En Indochine – le pays, pas le groupe – l’armée japonaise attaque un groupe de la Légion Etrangère française. Cet assaut, qui a véritablement eu lieu le 9 mars 1945, force le groupe de soldats à devoir s’enfuir à travers la jungle. Bonne nouvelle : des renforts les attendent. Mauvaise nouvelle : ces derniers sont à plus de trois cents kilomètres, que nos bons soldats vont devoir accomplir à pied. Dès ce pitch, et le titre du film Les Derniers Hommes au pluriel, un problème fondamental se pose : la question du point de vue. Le film raconte donc cet épisode guerrier méconnu sans jamais réussir à trouver un véritable personnage central. Une perte de repère qui emporte le spectateur avec elle. On y suit tantôt une dizaine de légionnaires, dont les seules caractéristiques sont des clichés sur leurs nationalités respectives, tantôt deux d’entre eux, les chefs du groupe. Quel est le point de vue de cette odyssée ? Le réalisateur David Oelhoffen tente une solution, qui s’avère rapidement vaine, avec une voix-off qui souligne l’importance d’un personnage, en lui attribuant le rôle de narrateur. Il devient de facto le point de vue du film puisque ses pensées incarnent la narration. Une tentative d’orienter le spectateur dans une direction qui finit pourtant par le perdre encore plus.

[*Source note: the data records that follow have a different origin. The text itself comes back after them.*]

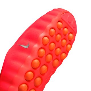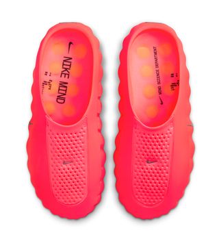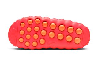 This “Solar Red” edition takes the experimental look of the Nike Mind 001 to new heights. Its sculpted foam body appears in a striking red hue, contrasted by reflective silver Swooshes across the upper and midsole. A perforated vamp enhances breathability, while the footbed and underside feature orange recovery pods that cushion and stimulate pressure points during wear. The scalloped midsole design — a key visual element of the model — continues the organic, almost biological inspiration seen throughout Nike’s Mind Science Department experiments.
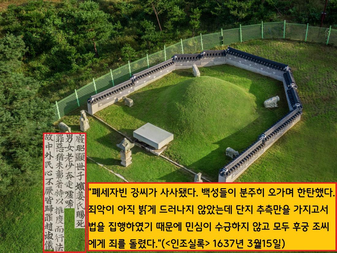 세자는 숱한 의혹 속에 급서했다. 인조는 남편을 잃은 며느리에게 ‘개XX’니 ‘강적(姜敵)’이니 하는 욕설을 퍼부으며 죽음으로 내몰았다. 사상 최악의 군주라는 손가락질을 받아도 싸다.
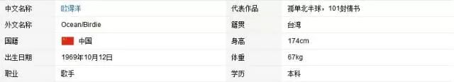欧得洋是一名歌手,出生于1969年10月12日,原名沈溢增(有时写作沈益嶒),2004年以一首《孤单北半球》一举成名,另有作品《101封情书》等。
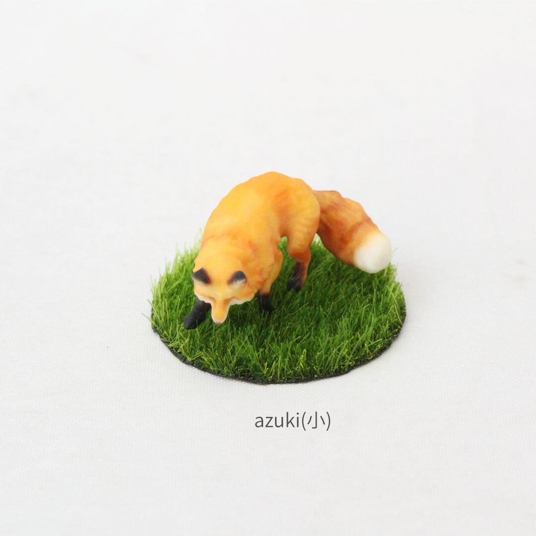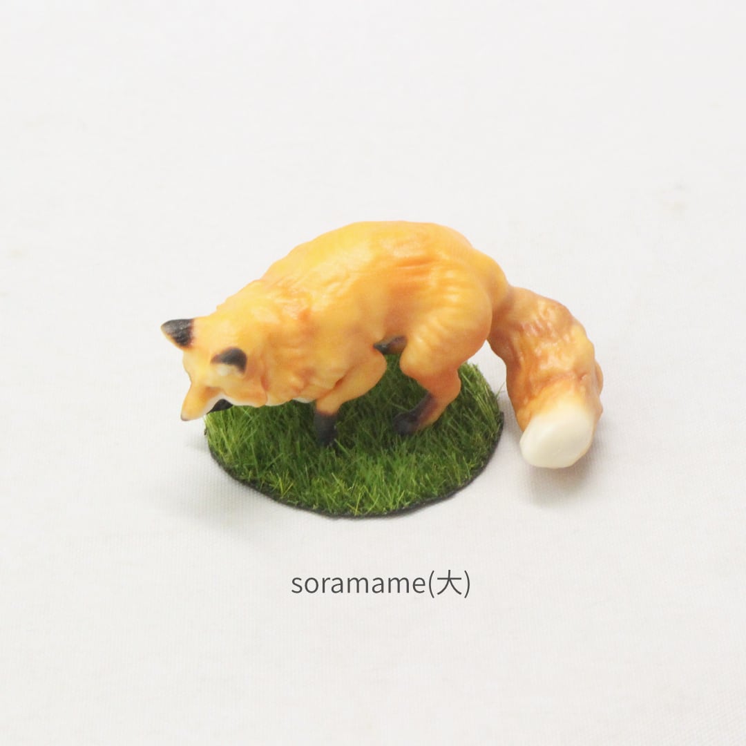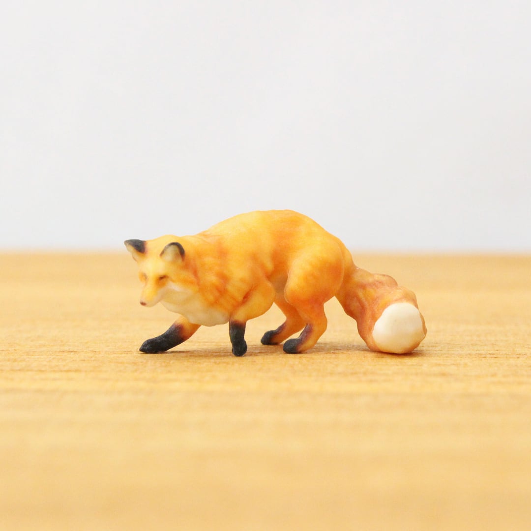 その鮮やかな黄金色の被毛と、ピンと立った耳、そして誰をも魅了するボリュームたっぷりの尻尾をミニチュアに再現しました。

La solution miracle du réalisateur, une voix-off omniprésente, est utilisée pour tous les problèmes du film, sans réussite. Le contexte géopolitique ? Expédié en quelques lignes par le narrateur qui ne semble pas s’intéresser à la question coloniale – et le film non plus. Les bornes temporelles ? C’est cette même voix qui indique au public les jours passants et le temps écoulé, un aveu sur la manière dont les images échouent à transmettre ces informations basiques. Pourtant la jungle, territoire dont lequel on peut se perde géographiquement et métaphoriquement, semblait être un parfait terrain d’essai. L’intériorité ? Puisque l’on à accès aux pensées d’un personnage il n’y a que peu de places aux questionnements entourant sa santé mentale, encore un coche raté. Le film tente tout de même quelques rares fois de mettre en doute la psyché du protagoniste avec des pseudo-hallucinations. Cette voix-off est décidément une mauvaise idée pour palier au manque d’incarnations du reste des personnages.

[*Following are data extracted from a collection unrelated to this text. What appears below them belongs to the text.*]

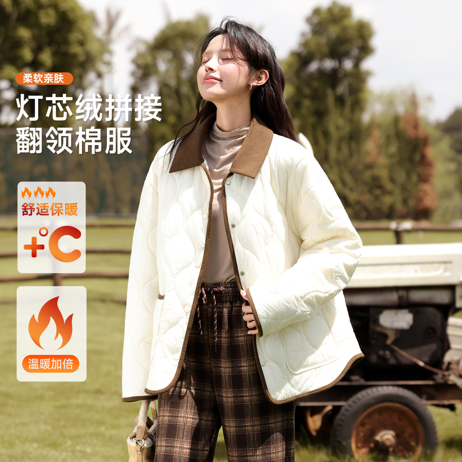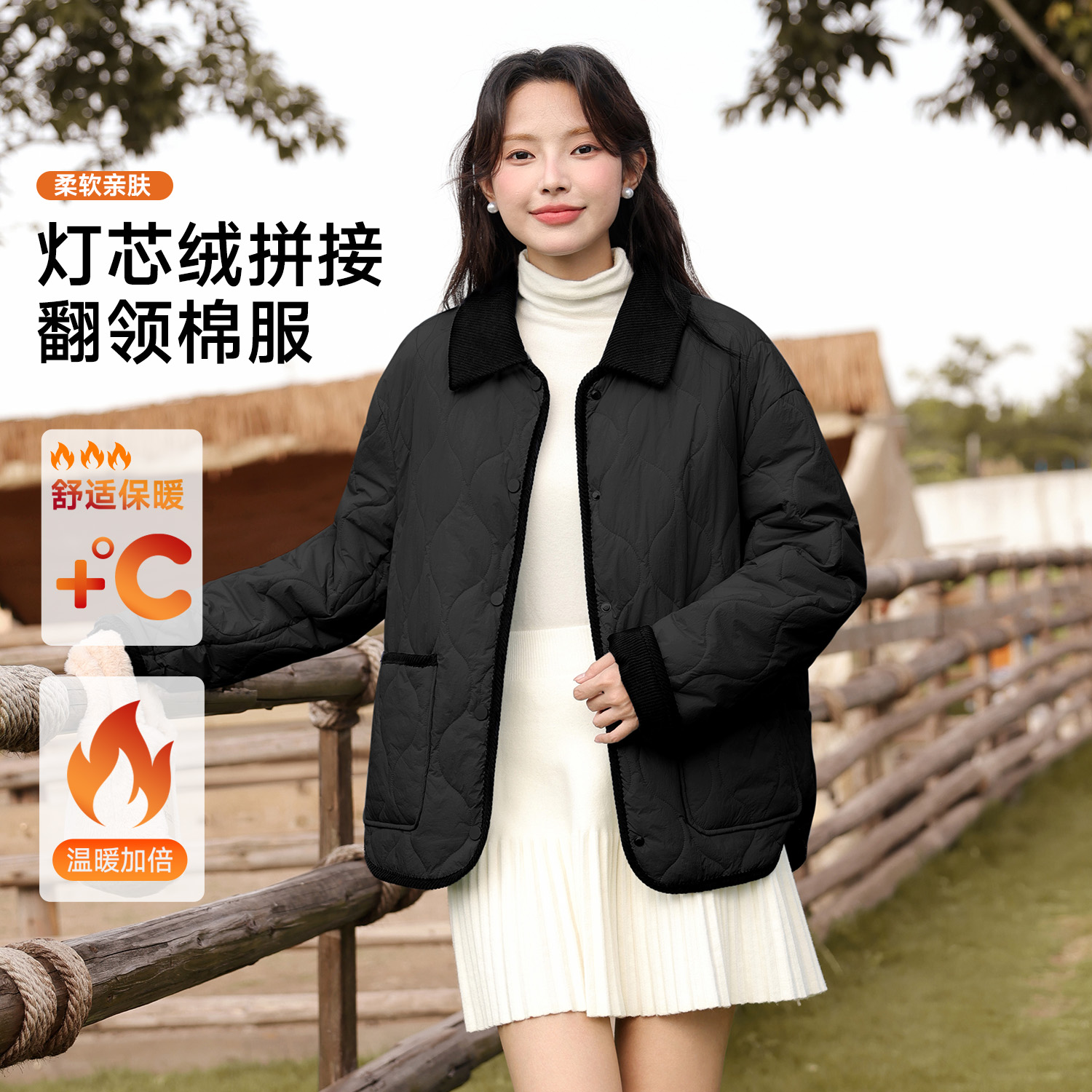 班尼路蓝色翻领夹棉轻薄棉服女外套2025冬季 超好看夹棉棉袄H 新款
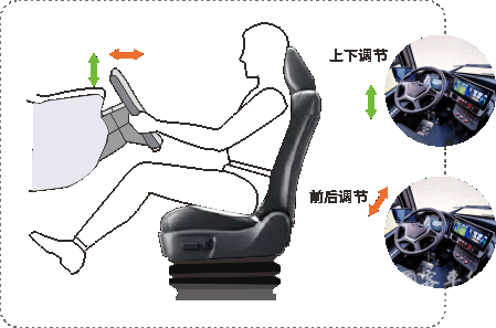 森鹏数字驾驶舱海外版方向盘、仪表、操作开关采用一体化随动结构设计,仪表台可上下前后四向调节,各种身材的驾驶员均可获得非常舒适坐姿。将所有需要司机操作的功能区开关固化在相同位置,所有的操作都可以在一个臂展之内完成,身体不需离开座椅靠背。完全符合人体工程学的现代设计理念,真正做到了呵护司机健康、方便司机操作,放松脊椎,远离颈椎、腰椎疾病。
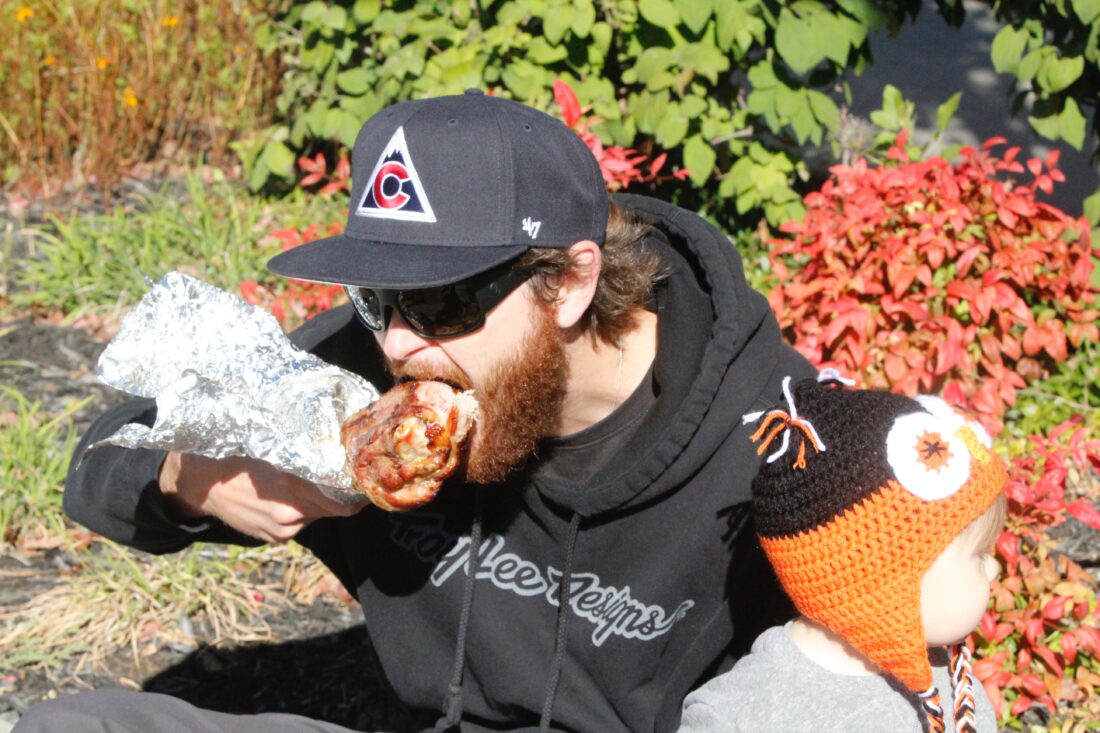 Curren Rose, of Colorado Springs, Colo., sits with his 1-year-old son Rowan and enjoys a turkey leg Saturday, Oct. 1, 2021, at the Maple Leaf Festival in Baldwin City.

Quel genre de film est Les Derniers Hommes ? S’il n’est pas un film choral, pas une œuvre introspective, pas une réflexion sur le système colonial et surtout pas un questionnement de l’autorité. Est-il au moins un film de guerre ? Oui, et étonnamment bien d’ailleurs. Durant deux heures, le petit groupe va devoir affronter la faim, la soif, une attaque de tigres, des embuscades par les Japonais, des trahisons, des infections dû à un serpent et des tensions internes. Un menu maxi best-of de tout ce que les Américains ont déjà représenter lors de leurs nombreux films sur un autre conflit en Asie : le Vietnam. David Oelhoffen en reprend certains clichés et réussit plutôt bien ses séquences de guerre grâce à un montage sonore particulièrement oppressant et une alternance entre scènes de détente et soudaines séquences brutales. Le soud-design nous plonge immédiatement dans le film avec de nombreux bruits de jungle : animaux, vent, pluie, feuillages et bruits de pas au loin. Une excellente idée, à vocation d’immersion réaliste, qui se retrouve vite parasitée par cette fameuse voix-off. Néanmoins, elle se tait dans quelques rares moments, les séquences de fusillades (que l’on semble attendre avec joie). C’est d’ailleurs dans ces moments que le film déploie tout son talent, puisqu’il a auparavant évacué la question politique, et donc seul la bêtise des guerriers subsiste. Une critique du monde guerrier particulièrement efficace à l’écran. Les péripéties endurées par le groupe ne sont pas originales, mais elles suffisent à nous garder en haleine, et surtout alerte.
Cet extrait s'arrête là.